L'hebdomadaire Minute sera jugé ce mercredi pour avoir comparé Christiane Taubira à un singe

Sa Une avait suscité une vague d'indignation: l'hebdomadaire d'extrême droite Minute doit répondre ce mercredi du délit d'injure raciale devant la justice pour avoir comparé la ministre de la Justice Christiane Taubira à un singe.
 
Le scandale avait éclaté le 13 novembre 2013, alors que Christiane Taubira avait été la cible peu de temps auparavant d'injures racistes.  En couverture de son édition, ce jour là, Minute affichait une photo de la garde des Sceaux avec comme légende : "Maligne comme un singe, Taubira retrouve la banane". 
 
Le soir même au 20 heures de France 2, la ministre avait dénoncé des propos "d'une extrême violence", qui "dénient mon appartenance à l'espèce humaine". "J'encaisse le choc mais c'est violent pour mes enfants, pour mes proches et pour tous ceux qui ont une différence", avait-elle ajouté.
 
 

Multiples réactions de soutien

Au Parlement, à la sortie du Conseil des ministres, sur Twitter ou dans les médias, responsables politiques de tous bords, militants antiracistes et anonymes lui ont apporté leur soutien. Le journal a aussi essuyé les foudres de toute la classe politique, du PCF qui condamne une couverture "raciste, minable et stupide" au Front national qui la juge "inadmissible et extrêmement choquante".
 
 

Le Premier ministre avait alerté le parquet

Fidèle à sa ligne de conduite consistant à ne pas engager des poursuites contre les attaques racistes à son encontre, Christiane Taubira n'avait pas déposé plainte. Mais après signalement du Premier ministre de l'époque Jean-Marc Ayrault au procureur de Paris, le parquet avait ouvert une enquête et poursuit le directeur de la publication de Minute devant la 17ème chambre du tribunal correctionnel de Paris.

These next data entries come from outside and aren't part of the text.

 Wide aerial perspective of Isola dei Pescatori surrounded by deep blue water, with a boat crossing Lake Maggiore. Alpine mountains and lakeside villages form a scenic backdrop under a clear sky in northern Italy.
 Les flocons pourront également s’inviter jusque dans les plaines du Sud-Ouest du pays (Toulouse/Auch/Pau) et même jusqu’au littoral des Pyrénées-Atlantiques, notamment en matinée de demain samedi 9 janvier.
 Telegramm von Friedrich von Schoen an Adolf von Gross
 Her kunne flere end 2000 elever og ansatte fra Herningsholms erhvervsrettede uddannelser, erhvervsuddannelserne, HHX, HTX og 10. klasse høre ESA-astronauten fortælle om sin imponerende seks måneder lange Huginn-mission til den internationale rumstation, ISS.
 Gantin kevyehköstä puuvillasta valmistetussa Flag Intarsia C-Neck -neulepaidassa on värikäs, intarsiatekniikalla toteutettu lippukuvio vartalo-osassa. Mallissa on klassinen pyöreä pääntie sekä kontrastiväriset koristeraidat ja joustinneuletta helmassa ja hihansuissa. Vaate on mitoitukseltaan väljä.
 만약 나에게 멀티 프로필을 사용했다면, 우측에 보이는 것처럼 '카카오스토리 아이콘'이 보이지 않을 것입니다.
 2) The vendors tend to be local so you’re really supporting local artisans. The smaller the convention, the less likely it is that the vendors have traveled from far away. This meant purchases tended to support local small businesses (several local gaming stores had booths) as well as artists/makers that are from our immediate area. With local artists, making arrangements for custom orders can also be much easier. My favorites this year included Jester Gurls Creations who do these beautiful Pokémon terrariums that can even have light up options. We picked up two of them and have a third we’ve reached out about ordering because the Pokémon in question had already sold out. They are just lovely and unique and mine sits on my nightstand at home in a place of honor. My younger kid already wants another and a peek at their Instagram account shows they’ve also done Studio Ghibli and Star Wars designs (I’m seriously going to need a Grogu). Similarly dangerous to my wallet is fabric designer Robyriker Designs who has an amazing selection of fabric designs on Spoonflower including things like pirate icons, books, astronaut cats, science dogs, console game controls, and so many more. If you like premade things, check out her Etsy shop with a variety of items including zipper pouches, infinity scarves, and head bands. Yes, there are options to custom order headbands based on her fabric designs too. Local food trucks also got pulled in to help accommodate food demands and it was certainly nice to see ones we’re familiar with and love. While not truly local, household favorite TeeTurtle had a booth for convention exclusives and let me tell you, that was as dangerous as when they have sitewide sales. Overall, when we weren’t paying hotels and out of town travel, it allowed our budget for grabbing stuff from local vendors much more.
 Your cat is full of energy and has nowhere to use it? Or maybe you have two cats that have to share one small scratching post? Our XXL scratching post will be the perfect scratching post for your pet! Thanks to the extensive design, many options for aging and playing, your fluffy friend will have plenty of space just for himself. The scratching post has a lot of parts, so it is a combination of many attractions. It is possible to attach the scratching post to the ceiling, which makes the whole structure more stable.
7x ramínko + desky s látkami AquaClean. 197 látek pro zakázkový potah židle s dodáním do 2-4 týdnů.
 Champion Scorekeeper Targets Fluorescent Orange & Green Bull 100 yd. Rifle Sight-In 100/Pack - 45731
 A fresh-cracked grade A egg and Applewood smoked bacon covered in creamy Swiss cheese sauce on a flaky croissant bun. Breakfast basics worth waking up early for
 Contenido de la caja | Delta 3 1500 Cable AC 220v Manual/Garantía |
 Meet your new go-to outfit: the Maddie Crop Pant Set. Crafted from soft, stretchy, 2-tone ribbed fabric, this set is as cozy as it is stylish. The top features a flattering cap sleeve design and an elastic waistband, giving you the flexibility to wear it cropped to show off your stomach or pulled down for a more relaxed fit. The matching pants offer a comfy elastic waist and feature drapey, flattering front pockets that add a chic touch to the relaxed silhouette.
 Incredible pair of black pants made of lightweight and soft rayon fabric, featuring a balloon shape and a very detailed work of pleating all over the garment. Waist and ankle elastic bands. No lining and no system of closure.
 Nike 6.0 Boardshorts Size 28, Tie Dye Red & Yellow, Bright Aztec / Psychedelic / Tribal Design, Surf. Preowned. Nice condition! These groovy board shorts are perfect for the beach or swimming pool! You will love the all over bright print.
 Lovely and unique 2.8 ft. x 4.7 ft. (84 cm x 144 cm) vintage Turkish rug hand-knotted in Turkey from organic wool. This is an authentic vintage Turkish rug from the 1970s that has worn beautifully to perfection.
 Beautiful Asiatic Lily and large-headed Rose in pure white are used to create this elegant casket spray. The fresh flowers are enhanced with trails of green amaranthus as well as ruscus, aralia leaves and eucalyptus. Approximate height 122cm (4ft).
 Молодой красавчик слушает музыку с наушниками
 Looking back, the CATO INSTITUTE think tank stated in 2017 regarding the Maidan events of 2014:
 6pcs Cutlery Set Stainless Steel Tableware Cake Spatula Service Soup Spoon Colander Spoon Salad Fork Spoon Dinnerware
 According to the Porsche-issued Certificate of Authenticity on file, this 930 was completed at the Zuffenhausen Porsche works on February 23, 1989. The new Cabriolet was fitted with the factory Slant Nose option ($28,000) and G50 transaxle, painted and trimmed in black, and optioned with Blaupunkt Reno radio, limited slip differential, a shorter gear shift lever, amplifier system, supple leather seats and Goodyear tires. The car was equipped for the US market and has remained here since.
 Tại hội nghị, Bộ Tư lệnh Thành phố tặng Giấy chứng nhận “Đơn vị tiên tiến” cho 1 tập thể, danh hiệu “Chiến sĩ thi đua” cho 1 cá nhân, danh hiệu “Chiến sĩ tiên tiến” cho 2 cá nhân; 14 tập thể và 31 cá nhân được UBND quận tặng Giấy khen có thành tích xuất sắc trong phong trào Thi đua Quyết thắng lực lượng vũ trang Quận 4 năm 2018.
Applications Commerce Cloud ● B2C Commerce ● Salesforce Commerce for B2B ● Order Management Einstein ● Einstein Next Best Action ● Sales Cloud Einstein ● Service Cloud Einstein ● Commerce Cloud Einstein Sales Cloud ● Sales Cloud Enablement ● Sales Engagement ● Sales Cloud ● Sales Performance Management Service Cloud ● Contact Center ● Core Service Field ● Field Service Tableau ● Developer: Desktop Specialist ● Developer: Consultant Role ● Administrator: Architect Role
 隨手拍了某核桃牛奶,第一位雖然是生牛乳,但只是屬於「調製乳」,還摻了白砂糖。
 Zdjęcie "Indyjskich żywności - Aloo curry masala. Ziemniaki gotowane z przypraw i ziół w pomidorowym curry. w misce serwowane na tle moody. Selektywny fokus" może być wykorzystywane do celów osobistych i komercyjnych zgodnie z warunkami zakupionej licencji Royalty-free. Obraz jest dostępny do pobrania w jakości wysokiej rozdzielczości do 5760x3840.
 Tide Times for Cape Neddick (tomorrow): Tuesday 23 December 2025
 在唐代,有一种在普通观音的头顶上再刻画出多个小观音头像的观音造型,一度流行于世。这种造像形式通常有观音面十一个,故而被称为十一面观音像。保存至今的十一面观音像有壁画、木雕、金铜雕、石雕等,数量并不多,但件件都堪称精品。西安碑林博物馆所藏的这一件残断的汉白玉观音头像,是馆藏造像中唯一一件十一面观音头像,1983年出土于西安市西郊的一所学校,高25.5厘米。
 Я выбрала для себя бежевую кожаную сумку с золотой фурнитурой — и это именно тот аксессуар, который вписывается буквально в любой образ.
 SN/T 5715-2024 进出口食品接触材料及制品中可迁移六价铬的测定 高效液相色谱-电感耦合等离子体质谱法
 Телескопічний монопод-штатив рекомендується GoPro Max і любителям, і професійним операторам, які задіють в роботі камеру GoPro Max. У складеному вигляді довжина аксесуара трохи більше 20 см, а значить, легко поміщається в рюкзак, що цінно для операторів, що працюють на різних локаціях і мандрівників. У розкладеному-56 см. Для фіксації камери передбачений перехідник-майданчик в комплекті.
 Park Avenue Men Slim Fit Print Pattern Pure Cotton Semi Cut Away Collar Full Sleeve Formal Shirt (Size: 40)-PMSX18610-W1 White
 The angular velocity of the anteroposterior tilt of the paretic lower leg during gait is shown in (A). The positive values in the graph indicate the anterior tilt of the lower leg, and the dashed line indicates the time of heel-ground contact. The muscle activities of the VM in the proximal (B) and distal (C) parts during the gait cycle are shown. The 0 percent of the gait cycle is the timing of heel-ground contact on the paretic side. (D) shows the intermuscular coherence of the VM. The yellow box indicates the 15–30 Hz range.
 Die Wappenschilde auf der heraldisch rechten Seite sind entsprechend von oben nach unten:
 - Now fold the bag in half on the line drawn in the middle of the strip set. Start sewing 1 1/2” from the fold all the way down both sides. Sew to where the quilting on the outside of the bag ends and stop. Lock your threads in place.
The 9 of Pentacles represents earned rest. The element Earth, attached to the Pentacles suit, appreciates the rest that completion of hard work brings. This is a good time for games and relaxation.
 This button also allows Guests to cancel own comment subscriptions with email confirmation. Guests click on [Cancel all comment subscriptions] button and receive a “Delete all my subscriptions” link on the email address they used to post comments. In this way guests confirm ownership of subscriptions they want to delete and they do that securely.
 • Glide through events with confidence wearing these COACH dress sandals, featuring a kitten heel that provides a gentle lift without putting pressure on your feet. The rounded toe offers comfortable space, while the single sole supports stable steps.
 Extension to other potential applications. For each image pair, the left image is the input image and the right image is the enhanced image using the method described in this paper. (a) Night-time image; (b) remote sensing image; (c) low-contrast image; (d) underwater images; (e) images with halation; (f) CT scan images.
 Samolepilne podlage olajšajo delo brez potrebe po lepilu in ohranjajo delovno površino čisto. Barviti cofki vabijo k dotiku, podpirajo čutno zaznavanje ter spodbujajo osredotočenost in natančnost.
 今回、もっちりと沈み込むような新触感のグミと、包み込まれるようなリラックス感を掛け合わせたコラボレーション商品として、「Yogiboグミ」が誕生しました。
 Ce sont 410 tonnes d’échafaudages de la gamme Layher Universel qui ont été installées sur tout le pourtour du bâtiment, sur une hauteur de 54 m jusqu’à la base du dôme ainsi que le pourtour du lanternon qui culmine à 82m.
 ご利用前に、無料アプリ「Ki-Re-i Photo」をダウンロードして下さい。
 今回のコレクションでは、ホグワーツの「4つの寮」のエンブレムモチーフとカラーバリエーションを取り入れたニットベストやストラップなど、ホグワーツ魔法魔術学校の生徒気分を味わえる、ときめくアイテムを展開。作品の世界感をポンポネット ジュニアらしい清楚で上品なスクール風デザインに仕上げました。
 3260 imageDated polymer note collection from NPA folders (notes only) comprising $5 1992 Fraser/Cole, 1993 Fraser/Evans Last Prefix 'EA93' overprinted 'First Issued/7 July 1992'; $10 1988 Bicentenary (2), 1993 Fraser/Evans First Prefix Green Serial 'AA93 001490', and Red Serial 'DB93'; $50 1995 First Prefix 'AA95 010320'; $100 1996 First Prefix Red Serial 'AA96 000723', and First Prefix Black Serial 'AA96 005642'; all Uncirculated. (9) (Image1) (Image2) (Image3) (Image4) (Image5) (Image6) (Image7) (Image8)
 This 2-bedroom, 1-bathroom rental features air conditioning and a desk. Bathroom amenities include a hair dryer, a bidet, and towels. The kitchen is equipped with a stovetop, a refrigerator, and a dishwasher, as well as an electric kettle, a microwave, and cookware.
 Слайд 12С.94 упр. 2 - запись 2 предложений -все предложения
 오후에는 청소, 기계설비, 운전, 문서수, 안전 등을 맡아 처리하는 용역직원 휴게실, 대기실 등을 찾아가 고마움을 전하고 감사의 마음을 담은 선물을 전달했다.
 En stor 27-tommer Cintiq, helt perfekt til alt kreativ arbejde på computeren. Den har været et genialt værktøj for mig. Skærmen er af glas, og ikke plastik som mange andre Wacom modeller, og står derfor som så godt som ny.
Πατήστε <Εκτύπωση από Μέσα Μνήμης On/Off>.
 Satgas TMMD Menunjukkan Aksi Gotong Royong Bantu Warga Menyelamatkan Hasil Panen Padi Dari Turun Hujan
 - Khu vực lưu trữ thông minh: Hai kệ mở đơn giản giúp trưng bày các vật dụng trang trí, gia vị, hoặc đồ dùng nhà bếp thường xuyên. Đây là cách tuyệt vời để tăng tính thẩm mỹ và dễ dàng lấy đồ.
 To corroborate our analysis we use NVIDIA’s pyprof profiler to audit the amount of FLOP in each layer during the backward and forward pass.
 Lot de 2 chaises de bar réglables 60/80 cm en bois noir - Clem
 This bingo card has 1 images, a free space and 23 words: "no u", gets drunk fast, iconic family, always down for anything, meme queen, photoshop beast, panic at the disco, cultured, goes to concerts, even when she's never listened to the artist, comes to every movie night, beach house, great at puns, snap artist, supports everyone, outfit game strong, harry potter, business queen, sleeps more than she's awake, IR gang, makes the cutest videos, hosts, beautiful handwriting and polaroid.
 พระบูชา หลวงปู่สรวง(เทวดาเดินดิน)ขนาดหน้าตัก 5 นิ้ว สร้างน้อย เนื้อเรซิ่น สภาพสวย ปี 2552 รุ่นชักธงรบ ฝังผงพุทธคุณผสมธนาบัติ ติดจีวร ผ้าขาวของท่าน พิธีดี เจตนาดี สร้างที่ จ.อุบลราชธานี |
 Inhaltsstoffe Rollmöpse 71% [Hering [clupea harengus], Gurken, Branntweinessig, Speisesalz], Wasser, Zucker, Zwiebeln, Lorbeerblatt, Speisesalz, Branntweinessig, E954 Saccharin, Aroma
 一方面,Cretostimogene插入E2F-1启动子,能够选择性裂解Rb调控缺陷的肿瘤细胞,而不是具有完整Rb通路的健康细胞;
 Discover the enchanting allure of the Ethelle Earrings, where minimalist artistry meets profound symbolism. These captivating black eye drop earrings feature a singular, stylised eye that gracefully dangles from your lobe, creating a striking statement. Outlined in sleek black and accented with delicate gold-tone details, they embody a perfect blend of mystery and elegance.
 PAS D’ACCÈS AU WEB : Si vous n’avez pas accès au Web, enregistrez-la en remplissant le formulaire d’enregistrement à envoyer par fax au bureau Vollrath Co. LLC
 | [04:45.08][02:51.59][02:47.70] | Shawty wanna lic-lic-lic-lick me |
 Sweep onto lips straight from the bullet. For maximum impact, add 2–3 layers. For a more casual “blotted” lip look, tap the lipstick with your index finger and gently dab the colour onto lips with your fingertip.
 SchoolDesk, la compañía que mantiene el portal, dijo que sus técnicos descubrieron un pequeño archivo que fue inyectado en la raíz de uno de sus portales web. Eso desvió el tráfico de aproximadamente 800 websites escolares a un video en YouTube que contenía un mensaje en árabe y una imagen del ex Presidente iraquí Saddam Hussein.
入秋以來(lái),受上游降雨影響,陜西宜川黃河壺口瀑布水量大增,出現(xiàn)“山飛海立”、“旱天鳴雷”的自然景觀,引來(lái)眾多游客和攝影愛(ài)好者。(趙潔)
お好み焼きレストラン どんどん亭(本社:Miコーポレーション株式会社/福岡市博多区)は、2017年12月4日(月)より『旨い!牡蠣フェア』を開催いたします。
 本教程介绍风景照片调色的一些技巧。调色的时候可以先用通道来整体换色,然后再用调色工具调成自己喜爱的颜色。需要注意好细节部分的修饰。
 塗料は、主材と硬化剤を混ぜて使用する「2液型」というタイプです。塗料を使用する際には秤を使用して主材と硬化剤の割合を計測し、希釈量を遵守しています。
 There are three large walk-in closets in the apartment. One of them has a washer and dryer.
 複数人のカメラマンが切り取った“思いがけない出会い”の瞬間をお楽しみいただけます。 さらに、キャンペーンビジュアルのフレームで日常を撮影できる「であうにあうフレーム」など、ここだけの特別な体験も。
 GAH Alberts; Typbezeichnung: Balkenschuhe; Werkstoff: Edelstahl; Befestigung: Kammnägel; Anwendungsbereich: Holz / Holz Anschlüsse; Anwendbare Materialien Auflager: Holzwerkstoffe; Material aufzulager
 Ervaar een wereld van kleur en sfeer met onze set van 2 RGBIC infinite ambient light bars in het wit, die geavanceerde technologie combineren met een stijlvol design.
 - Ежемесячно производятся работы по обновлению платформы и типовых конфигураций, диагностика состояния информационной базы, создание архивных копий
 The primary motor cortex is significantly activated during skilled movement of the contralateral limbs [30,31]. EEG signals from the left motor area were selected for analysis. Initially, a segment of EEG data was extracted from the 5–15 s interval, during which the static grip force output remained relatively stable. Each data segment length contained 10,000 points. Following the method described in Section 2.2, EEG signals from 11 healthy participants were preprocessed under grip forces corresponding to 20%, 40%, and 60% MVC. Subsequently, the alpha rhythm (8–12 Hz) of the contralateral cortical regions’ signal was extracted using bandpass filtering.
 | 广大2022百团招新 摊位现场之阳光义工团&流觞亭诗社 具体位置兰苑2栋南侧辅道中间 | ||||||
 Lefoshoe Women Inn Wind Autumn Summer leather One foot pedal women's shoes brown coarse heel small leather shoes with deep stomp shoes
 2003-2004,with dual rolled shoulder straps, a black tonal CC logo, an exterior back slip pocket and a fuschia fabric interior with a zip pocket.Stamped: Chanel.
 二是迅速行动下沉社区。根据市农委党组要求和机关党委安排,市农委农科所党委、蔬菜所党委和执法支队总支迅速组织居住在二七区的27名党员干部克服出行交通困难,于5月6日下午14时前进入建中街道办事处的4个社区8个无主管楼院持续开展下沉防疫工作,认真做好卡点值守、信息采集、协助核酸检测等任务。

"Une parution comme celle-là, ce n'est pas de l'information, c'est une infraction qui appelle une sanction", avait déclaré le locataire de Matignon.


"Jeu de mots horrible"

"Nous ne sommes pas du tout racistes", s'était défendu Jean-Marie Molitor, le directeur de la publication de Minute,  reconnaissant un "jeu de mots horrible", "du mauvais goût à l'état pur". "C'est de la satire mais ce n'est pas un délit", avait-il estimé.
L'avocat de Minute, Frédéric Pichon invoque une volonté du journal de traiter par l'"outrance", la "provocation, une situation qui est grotesque" selon lui.
 

 

Peu de temps avant, Christiane Taubira avait été visée par des injures lors d'une manifestation d'opposants au mariage homosexuel à Angers. "Les paroles d'une gamine de dix ans deviennent une affaire d'Etat, c'est quand-même délirant", estime Me Pichon, qui voit chez la garde des Sceaux "une volonté de victimisation" pour "attirer la compassion et détourner l'attention des Français par rapport aux vrais problèmes".


Un dessin passé inaperçu 

 
Le tribunal se penchera également sur un dessin, passé relativement inaperçu, paru dans Minute fin octobre 2013. Il représentait un singe, versant une larme, dont l'avocat déclarait: "mon client porte plainte pour avoir été odieusement caricaturé en Taubira". Le dessinateur et le directeur de la publication sont poursuivis, également pour injure publique à caractère racial, délit puni d'une peine maximale de six mois de prison et 22.500 euros d'amende.
 
 

La candidate FN et le post Facebook

Mi-octobre 2013, Anne-Sophie Leclère, ex-tête de liste FN aux municipales à Rethel (Ardennes), avait elle aussi comparé Christiane Taubira à un primate. Elle a été  condamnée le 15 juillet par le tribunal correctionnel de Cayenne (Guyane) à neuf mois de prison ferme, 5 ans d'inéligibilité et 50.000 euros d'amende et a fait appel.

Dans un reportage diffusé sur France 2, Anne-Sophie Leclère, assumait sans difficulté le photomontage publié sur sa page Facebook comparant un petit singe (avec la mention "à 18 mois") à la garde des Sceaux ("maintenant"). Niant tout "racisme", cette commerçante expliquait néanmoins préférer voir Christiane Taubira "dans un arbre après les branches que comme ça, au gouvernement". Elle avait été exclue du FN à trois mois des municipales.
Au terme d'une enquête préliminaire, le parquet de Paris avait renvoyé Anne-Sophie  Leclère en correctionnelle pour injure raciale. Ce dossier doit également être appelé à l'audience de mercredi, mais ne devrait pas être jugé, en vertu du principe selon lequel on ne peut en effet être jugé deux fois pour les mêmes faits.